── Supplied information

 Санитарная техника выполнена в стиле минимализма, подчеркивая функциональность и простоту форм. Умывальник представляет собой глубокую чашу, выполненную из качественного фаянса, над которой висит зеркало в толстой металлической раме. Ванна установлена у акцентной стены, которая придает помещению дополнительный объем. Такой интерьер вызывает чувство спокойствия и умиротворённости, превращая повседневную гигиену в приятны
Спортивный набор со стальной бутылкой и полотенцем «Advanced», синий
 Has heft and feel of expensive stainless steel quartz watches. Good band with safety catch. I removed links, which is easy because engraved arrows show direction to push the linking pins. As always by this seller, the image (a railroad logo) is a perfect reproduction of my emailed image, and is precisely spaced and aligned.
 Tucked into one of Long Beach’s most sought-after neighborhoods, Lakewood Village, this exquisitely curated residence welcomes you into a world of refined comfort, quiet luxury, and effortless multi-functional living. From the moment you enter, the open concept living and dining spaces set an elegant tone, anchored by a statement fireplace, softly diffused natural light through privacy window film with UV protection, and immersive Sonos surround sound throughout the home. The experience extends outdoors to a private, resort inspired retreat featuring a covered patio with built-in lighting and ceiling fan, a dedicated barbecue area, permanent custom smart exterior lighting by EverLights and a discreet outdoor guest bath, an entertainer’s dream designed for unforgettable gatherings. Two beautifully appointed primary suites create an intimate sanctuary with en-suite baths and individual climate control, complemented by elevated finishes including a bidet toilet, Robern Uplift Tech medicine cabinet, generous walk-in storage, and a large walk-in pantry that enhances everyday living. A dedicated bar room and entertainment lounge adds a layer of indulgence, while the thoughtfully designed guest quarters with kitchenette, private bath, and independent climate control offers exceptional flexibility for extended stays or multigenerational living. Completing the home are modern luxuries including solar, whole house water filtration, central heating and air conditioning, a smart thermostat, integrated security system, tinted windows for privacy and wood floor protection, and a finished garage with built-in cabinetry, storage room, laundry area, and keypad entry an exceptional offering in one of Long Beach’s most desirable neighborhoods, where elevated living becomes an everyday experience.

────

:: Task instructions ::
Set down, exactly as they appear, the lines above from the first one to the line that holds "Has heft and", both included, please, and no others.

:: Your solution ::
 Санитарная техника выполнена в стиле минимализма, подчеркивая функциональность и простоту форм. Умывальник представляет собой глубокую чашу, выполненную из качественного фаянса, над которой висит зеркало в толстой металлической раме. Ванна установлена у акцентной стены, которая придает помещению дополнительный объем. Такой интерьер вызывает чувство спокойствия и умиротворённости, превращая повседневную гигиену в приятны
Спортивный набор со стальной бутылкой и полотенцем «Advanced», синий
 Has heft and feel of expensive stainless steel quartz watches. Good band with safety catch. I removed links, which is easy because engraved arrows show direction to push the linking pins. As always by this seller, the image (a railroad logo) is a perfect reproduction of my emailed image, and is precisely spaced and aligned.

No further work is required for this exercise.